I'm very happy, and enjoying being a mom. Not just any mother, a Christian mother. I find a sense of accomplishment everyday because I am able to raise my son in the Christian faith. If I didn't have God in my life, and Jesus Christ as my savior, there would be no hope, no faith and no love between my son and I. Any parent can love a child, but it takes a stronger parent to lead by example and to show their child that they must live their life for God. As a single mother I find it harder to raise my son without his father under the same roof, BUT I do feel that God will big a greater example as to what a father should be. Through the words of the bible as well as the teaching of my Pastor, I know my son will grow up to be a fine man one day. To that, it will make me a proud mother one day.
Since Ryan's father and I aren't together, I won't let that be an excuse to why I won't be able to take my son out on vacation or do things with him. I will take him on his first vacation next summer, I don't know where yet, but I'm keeping my mind open. I realize that life doesn't stop when you are a single parent.
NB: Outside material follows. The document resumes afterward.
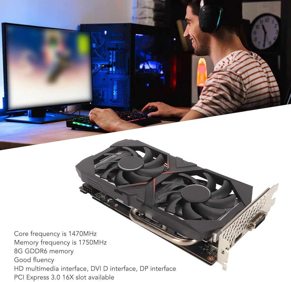 1. 8G GDDR6: The card has a core frequency of 1470MHz, memory frequency of 1750MHz, and 8G GDDR6 memory for glossy performance.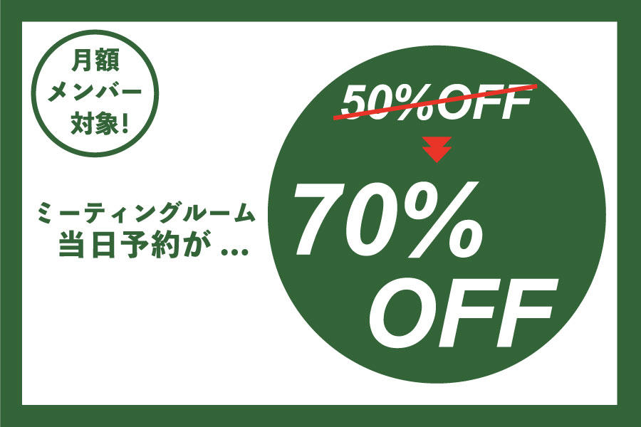 ミーティングルーム当日予約が ずっと70%off になりました!

Life must go on, I will continue to experience life with my son as a single mother. This past weekend I took Ryan out, we didn't go trick or treating since it was very cold outside. Instead I dressed up my little ham in his Mickey Mouse costume, and I dressed up as Minnie Mouse. We then headed to Bob Evans for dinner with a few close friends of mine and had a nice dinner with them. I was very proud to parade my son in his costume around Bob Evans, so many people couldn't stop smiling at him. Even a nice older man purchased Ryan a stuff animal and my heart just melted. I don't ever remember a time where my mom and I went out to eat, with just us two. I don't think we ever did. I do not fault my mother at all for being the way she is. I'm very Americanize and the way I raise my son is a custom to the American tradition and culture. Times has change and who ever said a singe parent can't be a completed family? My family is complete because we have God. Until the day God blesses me with a wonderful husband, I'm content as ever to be a single mother.